*Task item*. Keeping pictures out of the copy, restate each record word for word.

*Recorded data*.

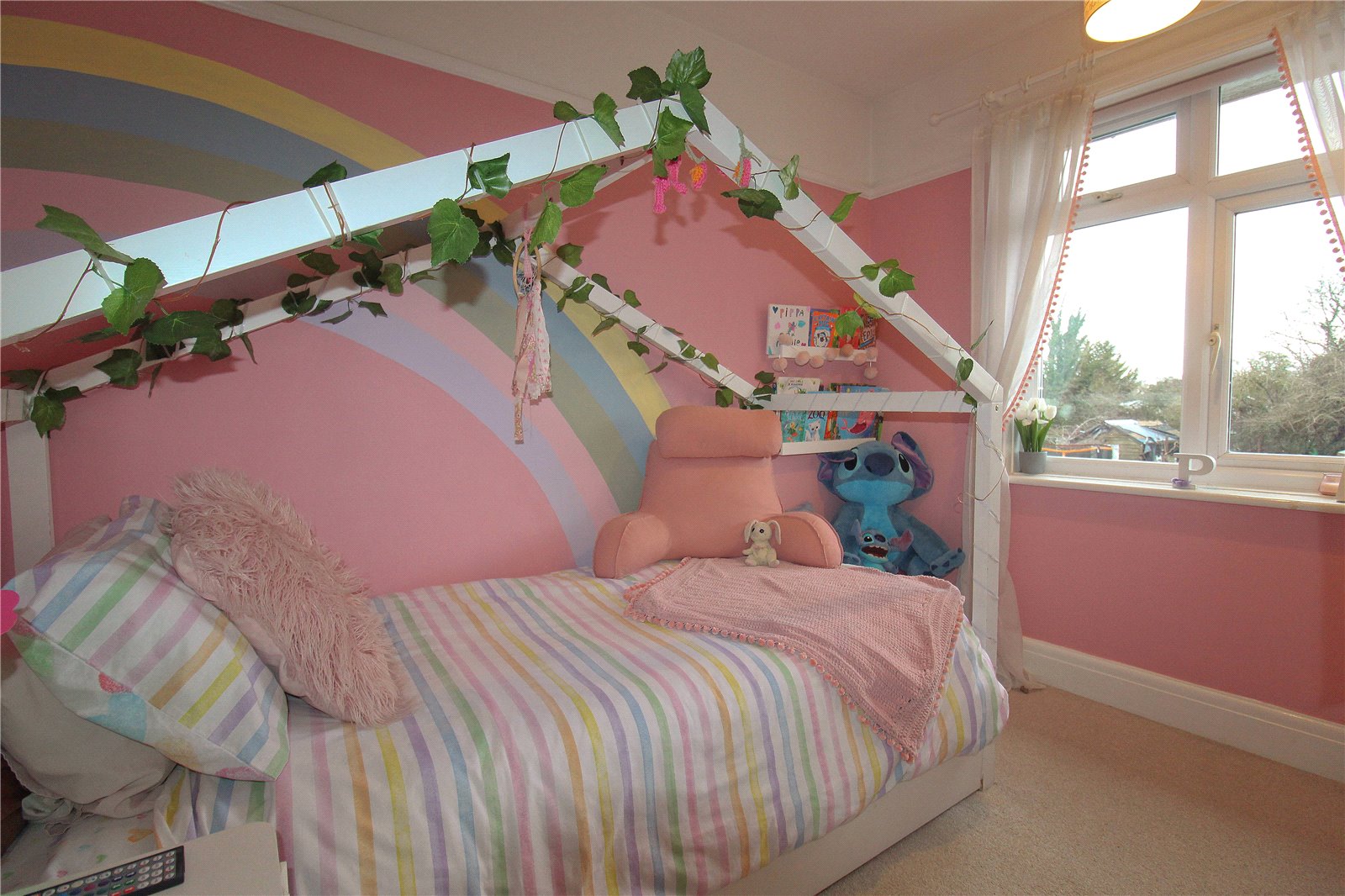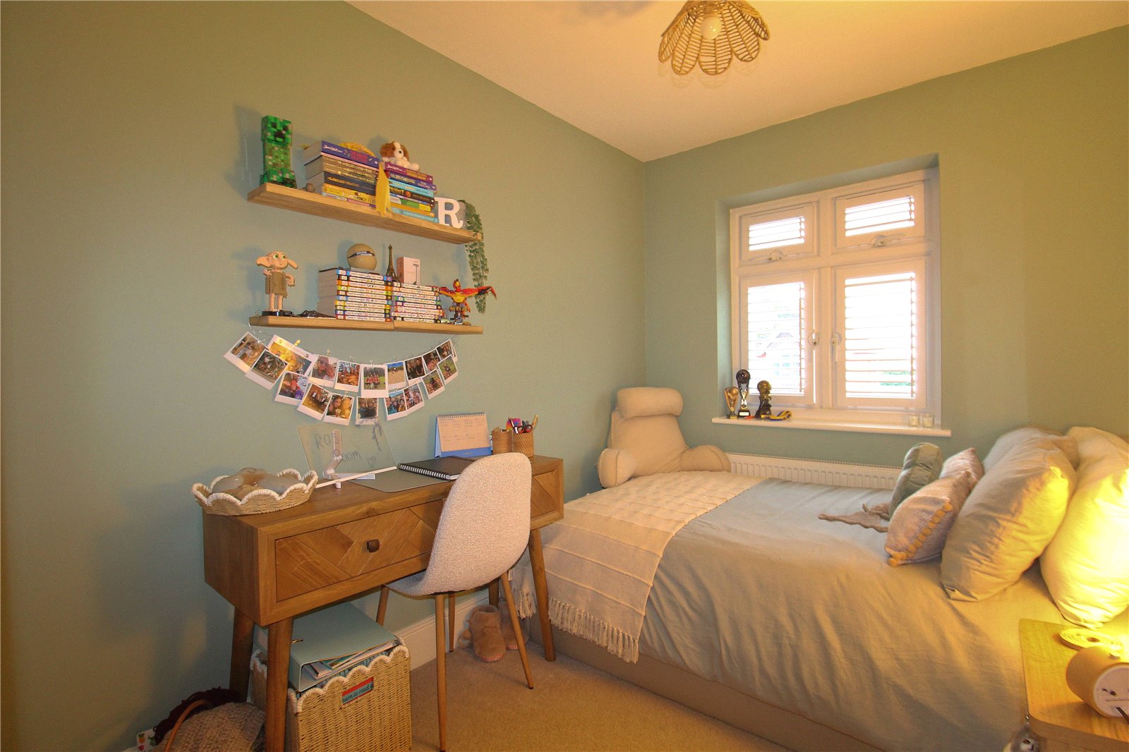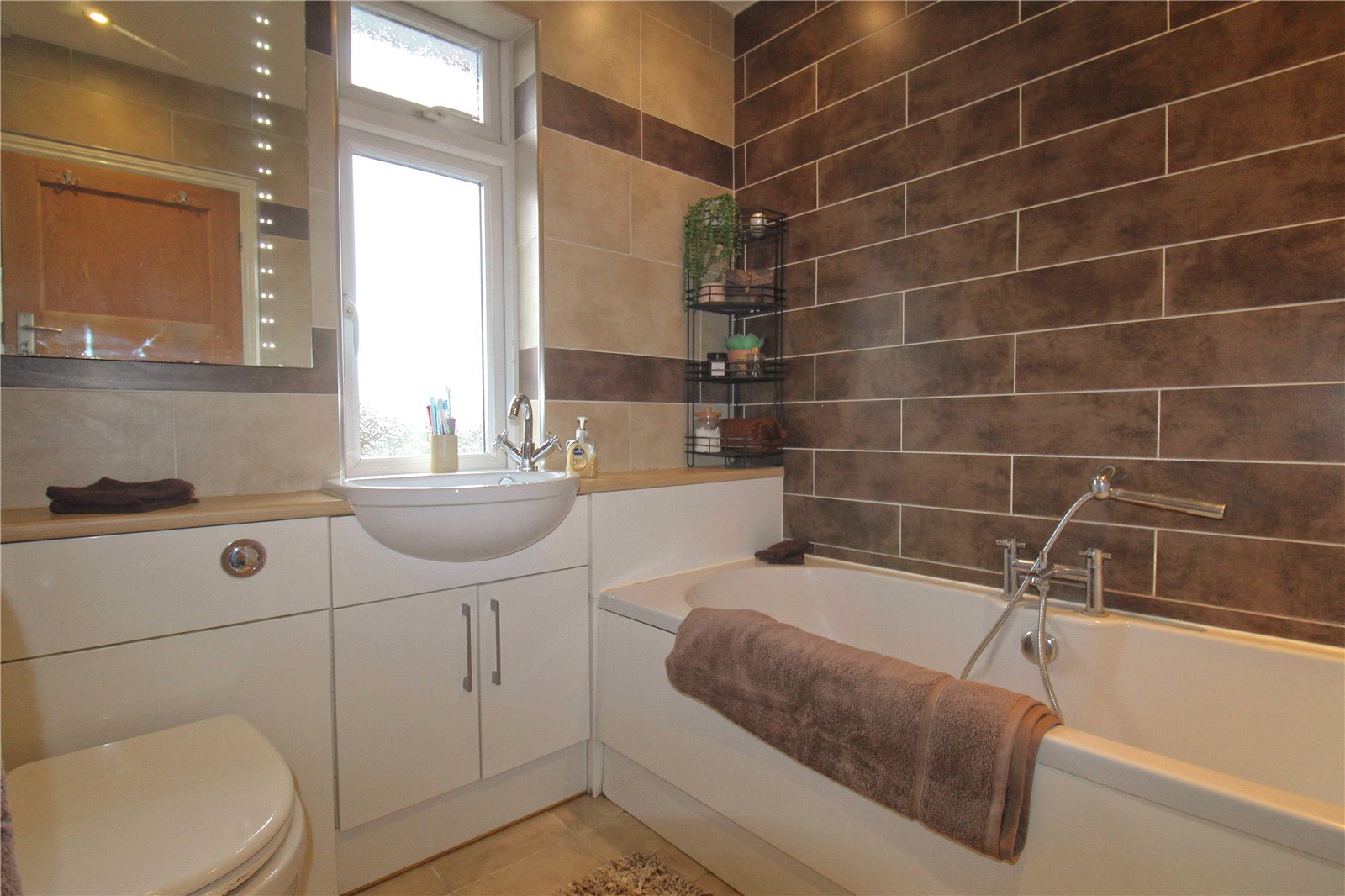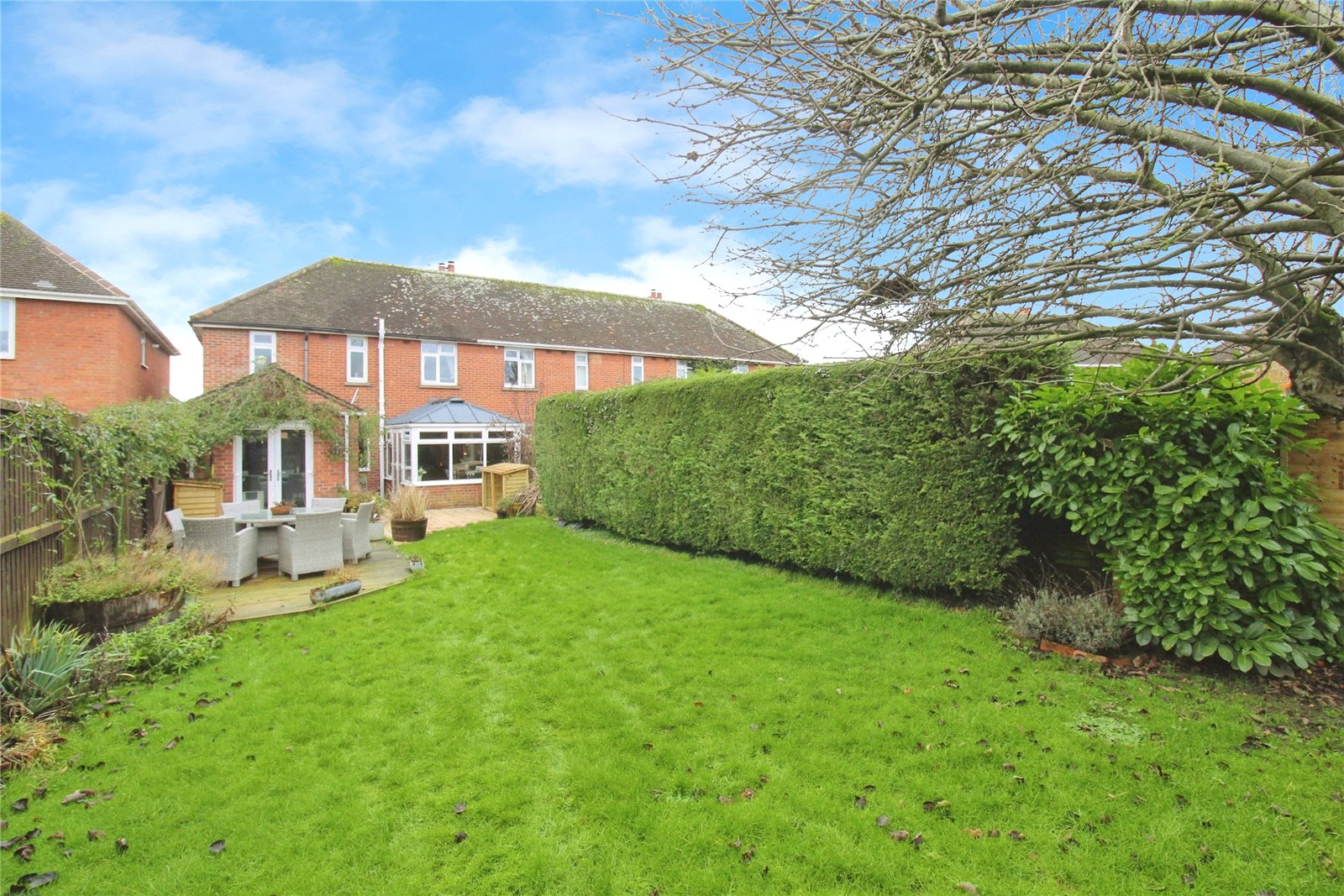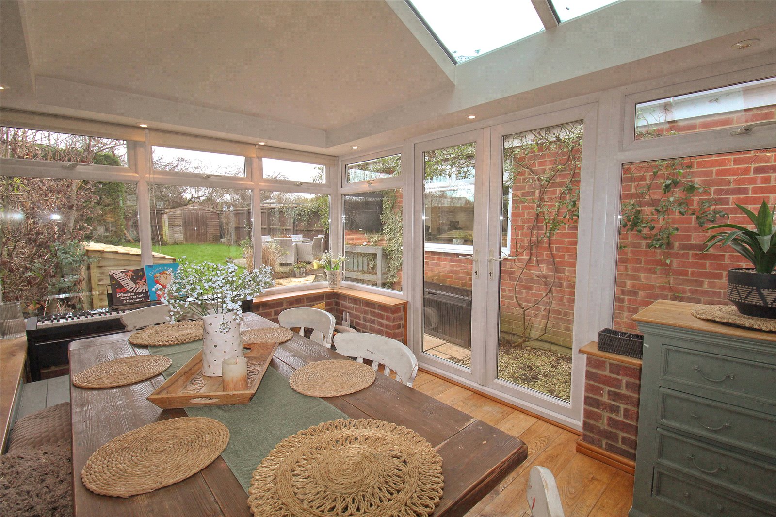 To the front of the house you find a front garden which is laid to lawn as well as a resin driveway providing off street parking. The rear garden is an excellent size, predominantly laid to lawn with a patio and decking area, ideal for dining al fresco. There are a selection flowering plants and an impressive apple tree as well as external power points and a gate providing side access via a shared path.
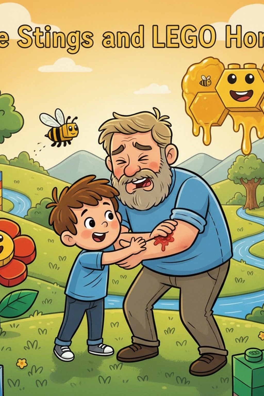 Back at the magnificent Golden Hive—a towering structure of hexagonal honey-coloured bricks—they watched the bees turn nectar into gleaming LEGO honey. Buzbi dabbed some on Dad's sting, and it vanished instantly!
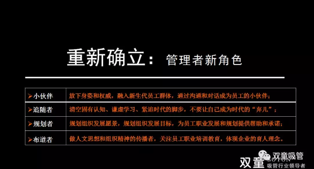 最后樓老師針對上述組織變革提出了管理者角色的重新定位,他認為傳統(tǒng)經營者和管理者如果還在堅持沿用以前的老經驗、老方式,那就離淘汰不遠了!樓老師也再次提醒大家,面對不同的價值個體,管理者首先需要改變的就是自己:
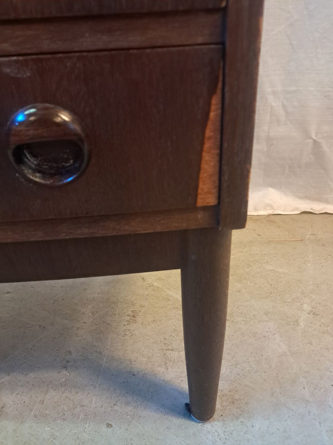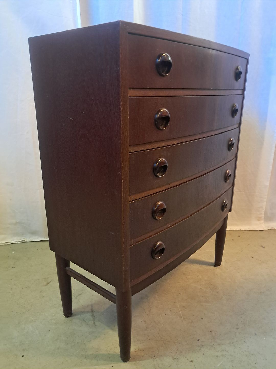 Kommode i bejdset fineret rgrtræ, fra 1960erne.
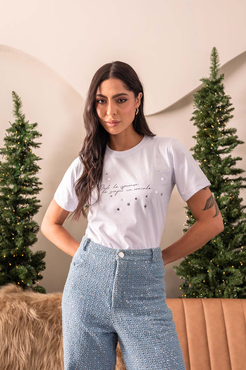Tshirt Coração Pedraria Prata Aplicação

*Answer to the problem*.
 To the front of the house you find a front garden which is laid to lawn as well as a resin driveway providing off street parking. The rear garden is an excellent size, predominantly laid to lawn with a patio and decking area, ideal for dining al fresco. There are a selection flowering plants and an impressive apple tree as well as external power points and a gate providing side access via a shared path.
 Back at the magnificent Golden Hive—a towering structure of hexagonal honey-coloured bricks—they watched the bees turn nectar into gleaming LEGO honey. Buzbi dabbed some on Dad's sting, and it vanished instantly!
 最后樓老師針對上述組織變革提出了管理者角色的重新定位,他認為傳統(tǒng)經營者和管理者如果還在堅持沿用以前的老經驗、老方式,那就離淘汰不遠了!樓老師也再次提醒大家,面對不同的價值個體,管理者首先需要改變的就是自己:
 Kommode i bejdset fineret rgrtræ, fra 1960erne.
Tshirt Coração Pedraria Prata Aplicação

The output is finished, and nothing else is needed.